This project is ideal for anyone looking to simplify or automate audio files metadata management.

Important

Please change the configuration accordingly to suits your environment.

Warning

🚨 Important Instructions 🚨

  • You may change the conditional in line 80: if "cover art" in str(key).lower() or "acoustid fingerprint" in str(key).lower():
  • You may change the value of directory in line 384
  • You may change the value of keywords in line 387
  • You may change the value of not_keywords in line 390

remove-mp3tag-with-python-v1.0

The remove-mp3tag-with-python-v1.0.py file can be found here or below:

Click here to expand for the "remove-mp3tag-with-python-v1.0.py" !!!
import os
import re
import signal  # Import signal to handle Ctrl+C interruptions
import json  # Import json to save results in JSON format
from mutagen.id3 import ID3, ID3NoHeaderError, TXXX, COMM  # Import necessary classes for ID3 tags
from mutagen.apev2 import APEv2, APENoHeaderError  # Import necessary classes for APEv2 tags
from mutagen.mp3 import MP3  # Import class for MP3 files
from mutagen.mp4 import MP4  # Import class for MP4 files
from mutagen.flac import FLAC  # Import class for FLAC files
from colorama import init, Fore, Back  # Import colorama for colored terminal output

# Initialize colorama to automatically reset colors after each print
init(autoreset=True)

# Add this global variable at the top of your script to store results
global all_results
global directory
all_results = []
directory=""

# Function to handle script termination when Ctrl+C is pressed and save results before exiting
def signal_handler(sig, frame):
    print(f"\n")  # Print a new line for better readability
    print(f"{Back.RED}{Fore.WHITE}Script terminated by user (Ctrl+C).")  # Notify the user of termination
    # Save results if any exist
    if all_results:
        save_results("", all_results)  # Save the results before exiting
    exit(0)  # Exit the script

# Register the signal handler for Ctrl+C interruptions
signal.signal(signal.SIGINT, signal_handler)

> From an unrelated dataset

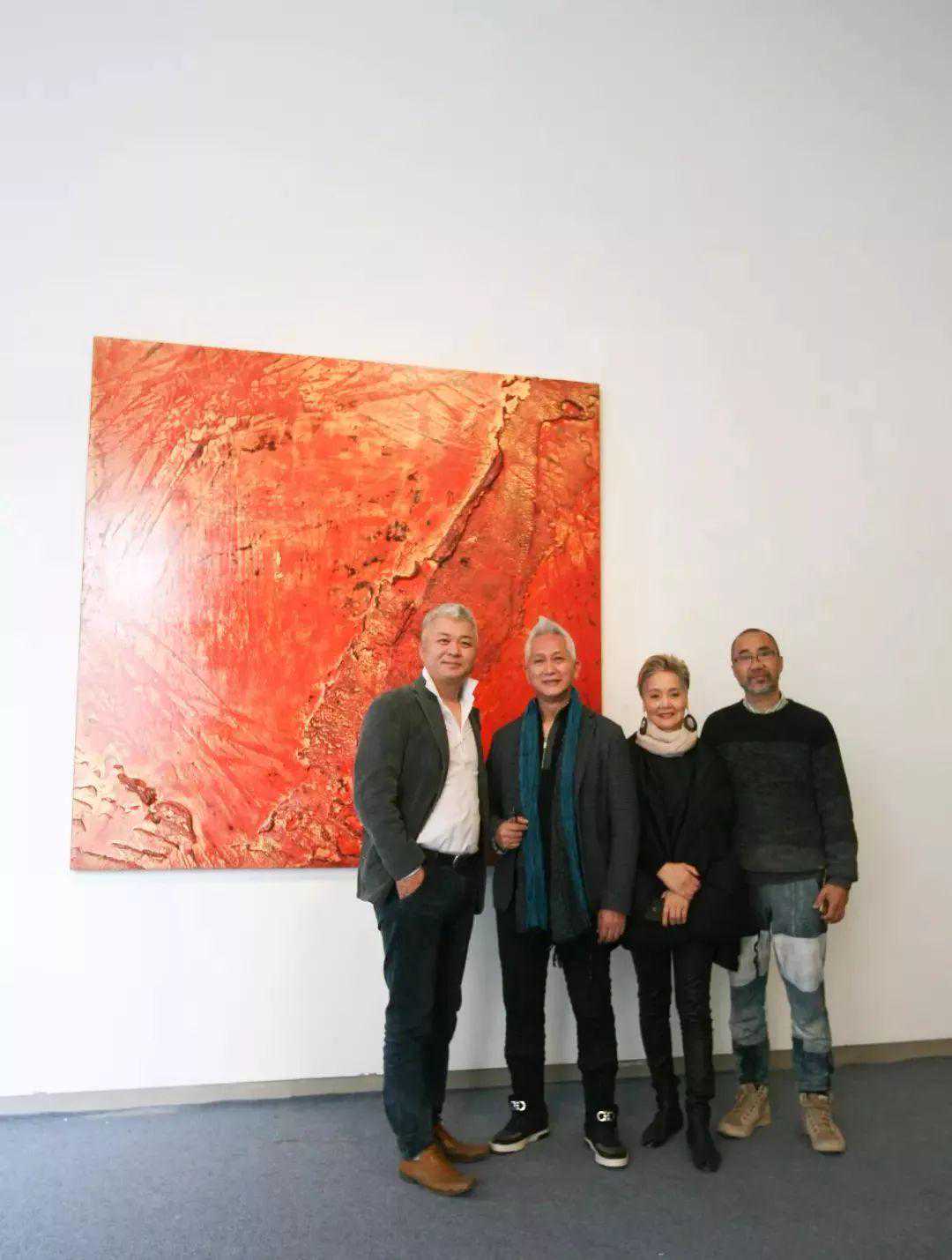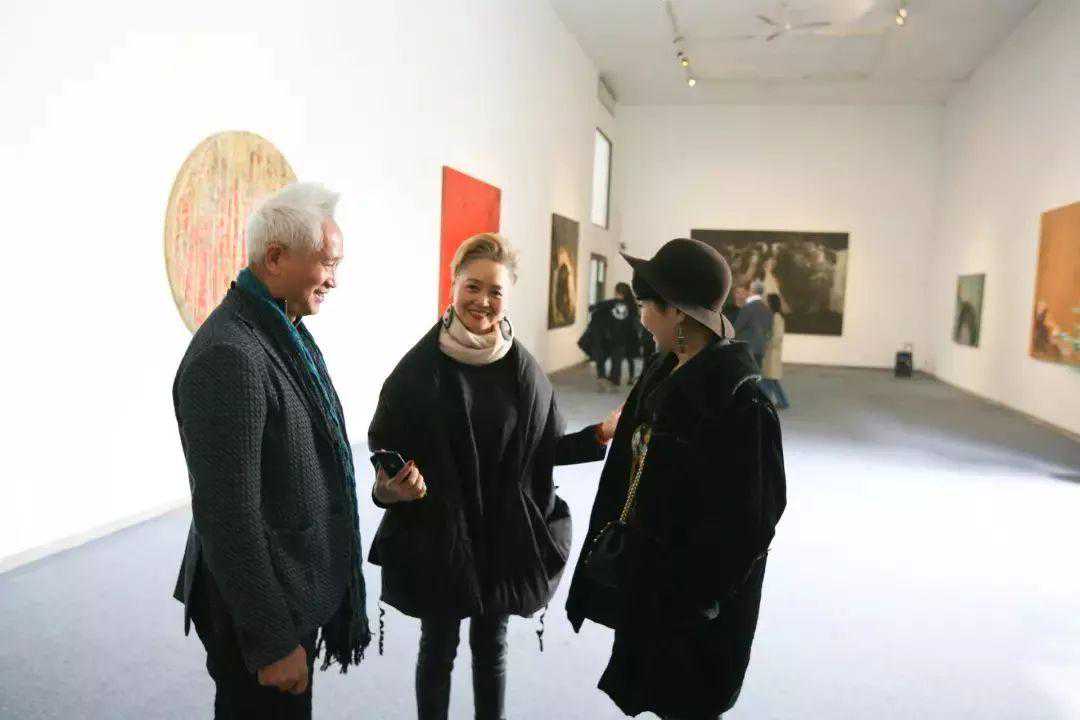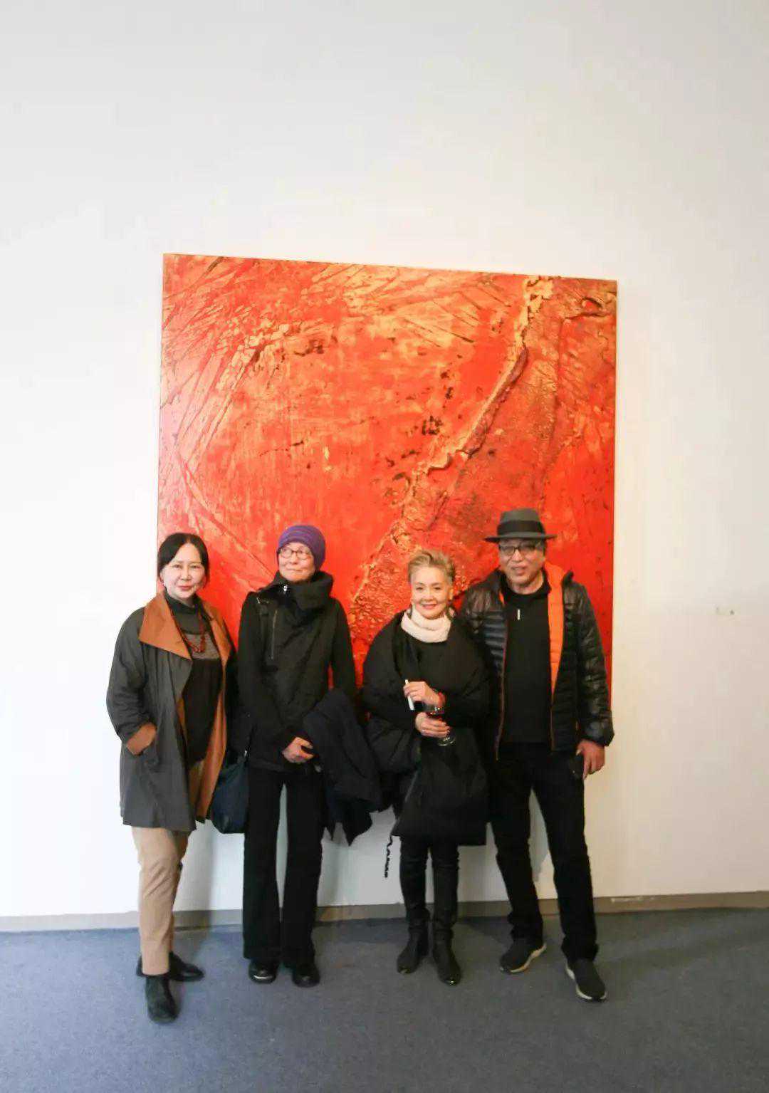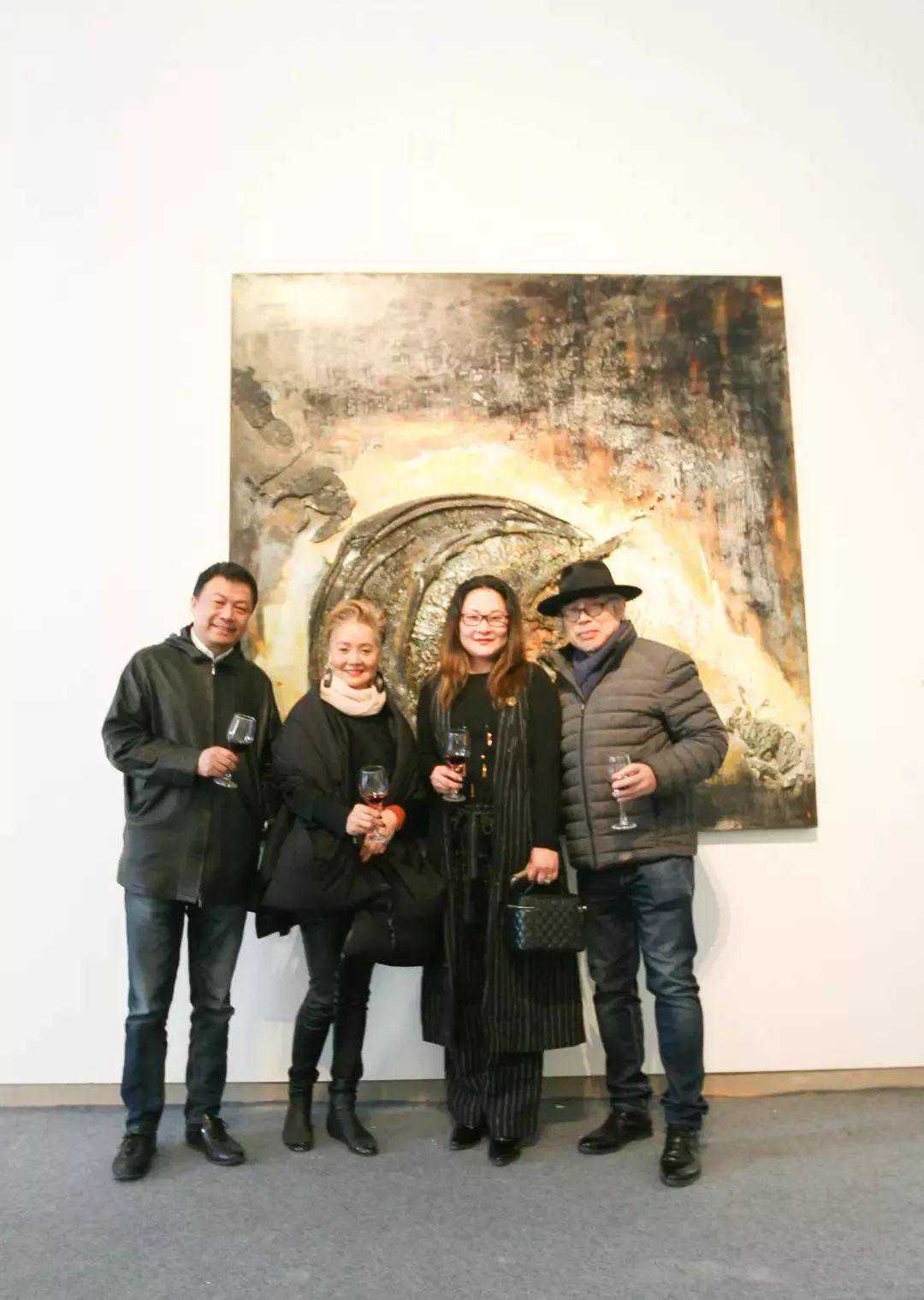 在现场的开幕中,艺术家与观众们分享她创作的心路历程,交流着彼此的艺术心得,艺术沙龙的气息扑面而来,热闹非凡。由于本次展览的作品媒材都是综合材料(岩彩、大漆、红木屑、朱砂等矿物材料),而瞿老师央美进修时的综合材料班里的师弟师妹们也纷纷前来助阵,专业交流自然必不可少。
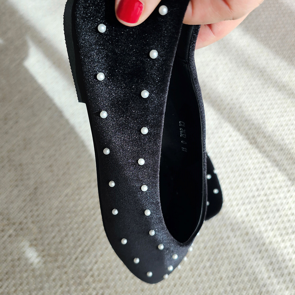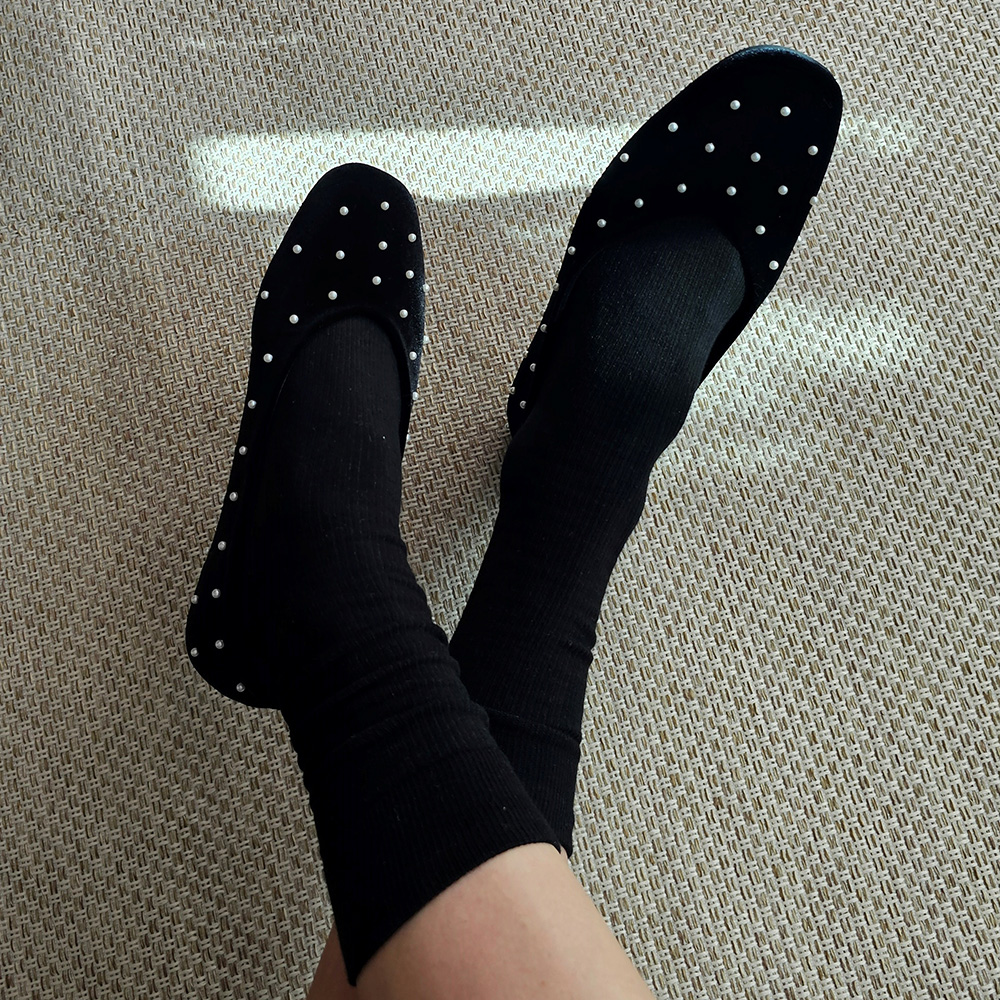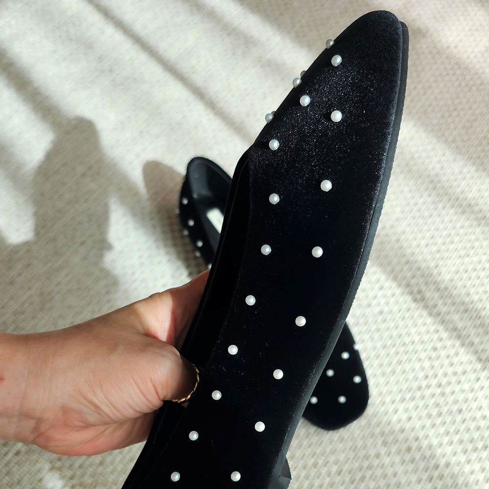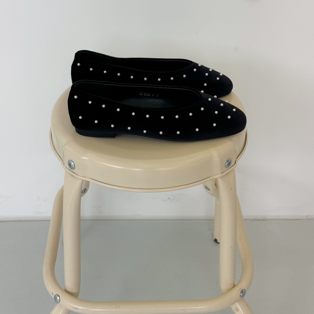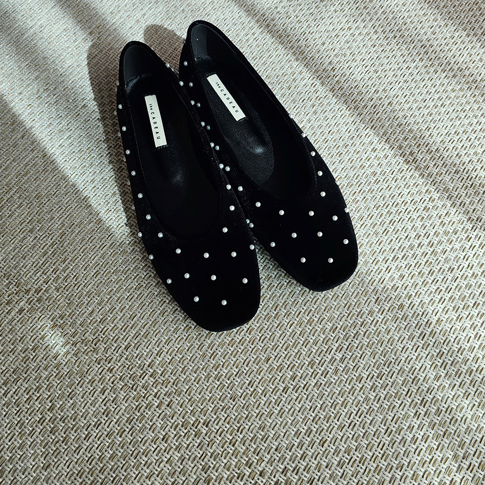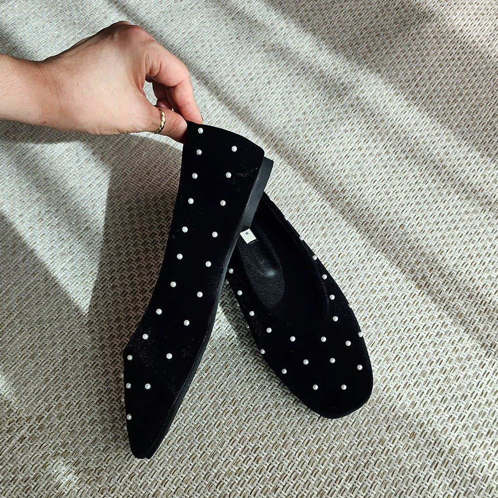벨벳 진주 스터드 라운드토 쿠션 발편한 여자 플랫슈즈

# Function to read ID3 tags from MP3 files
def read_id3_tags(file_path):
    try:
        audio = MP3(file_path)  # Create an MP3 object for the specified file
        tags = audio.tags  # Retrieve the tags from the audio file
        if tags is None:
            raise ID3NoHeaderError  # Raise an error if no tags are found
        print(f"{Back.BLACK}{Fore.WHITE}Successfully read ID3 tags from {file_path}")  # Notify success
        return tags  # Return the tags
    except ID3NoHeaderError:
        print(f"{Back.BLACK}{Fore.WHITE}No ID3 tags found in {file_path}")  # Notify no tags found
        return None  # Return None if no tags found
    except Exception as e:
        print(f"{Back.RED}{Fore.WHITE}Error reading ID3 tags from {file_path}: {e}")  # Notify any other errors
        return None  # Return None on error

# Function to read APE tags from audio files
def read_ape_tags(file_path):
    try:
        tags = APEv2(file_path)  # Create an APEv2 object for the specified file
        print(f"{Back.BLACK}{Fore.WHITE}Successfully read APE tags from {file_path}")  # Notify success
        return tags  # Return the tags
    except APENoHeaderError:
        print(f"{Back.BLACK}{Fore.WHITE}No APE tags found in {file_path}")  # Notify no tags found
        return None  # Return None if no tags found
    except Exception as e:
        print(f"{Back.RED}{Fore.WHITE}Error reading APE tags from {file_path}: {e}")  # Notify any other errors
        return None  # Return None on error

# Function to read FLAC tags from FLAC files
def read_flac_tags(file_path):
    try:
        audio = FLAC(file_path)  # Create a FLAC object for the specified file
        tags = audio.tags  # Retrieve the tags from the audio file
        print(f"{Back.BLACK}{Fore.WHITE}Successfully read FLAC tags from {file_path}")  # Notify success
        return tags  # Return the tags
    except Exception as e:
        print(f"{Back.RED}{Fore.WHITE}Error reading FLAC tags from {file_path}: {e}")  # Notify any errors
        return None  # Return None on error

# Function to read FLAC tags from FLAC files
def read_mp4_tags(file_path):
    try:
        audio = MP4(file_path)  # Create a MP4 object for the specified file
        tags = audio.tags  # Retrieve the tags from the audio file
        print(f"{Back.BLACK}{Fore.WHITE}Successfully read MP4 tags from {file_path}")  # Notify success
        return tags  # Return the tags
    except Exception as e:
        print(f"{Back.RED}{Fore.WHITE}Error reading MP4 tags from {file_path}: {e}")  # Notify any errors
        return None  # Return None on error

# Function to search for keywords in the provided tags
def search_keywords(tags, keywords, not_keywords):
    results = []  # Initialize a list to store found results
    for key, value in tags.items():  # Iterate through each tag

        # Skip "cover art" and "acoustid fingerprint" field
        key_str = str(key).lower()
        if "cover art" in key_str or "cover" in key_str or "acoustid fingerprint" in key_str or "covr" in key_str or "unsyncedlyrics" in key_str or "lyrics" in key_str or "lyr" in key_str or "acoustid_fingerprint" in key_str or "tcon" in key_str or "com.apple.itunes" in key_str or "spotify_release_id" in key_str or "apic" in key_str:
            print(f"Skipping field: {key_str}")  # Debug print to verify exclusion
            continue  # Skip the iteration if the key contains "cover art" and "acoustid fingerprint"
        
        # Convert value to string for comparison
        if isinstance(value, list):
            value_str = " ".join([str(v) for v in value])
        else:
            value_str = str(value)

        value_str = value_str.encode('utf-8', errors='replace').decode('utf-8')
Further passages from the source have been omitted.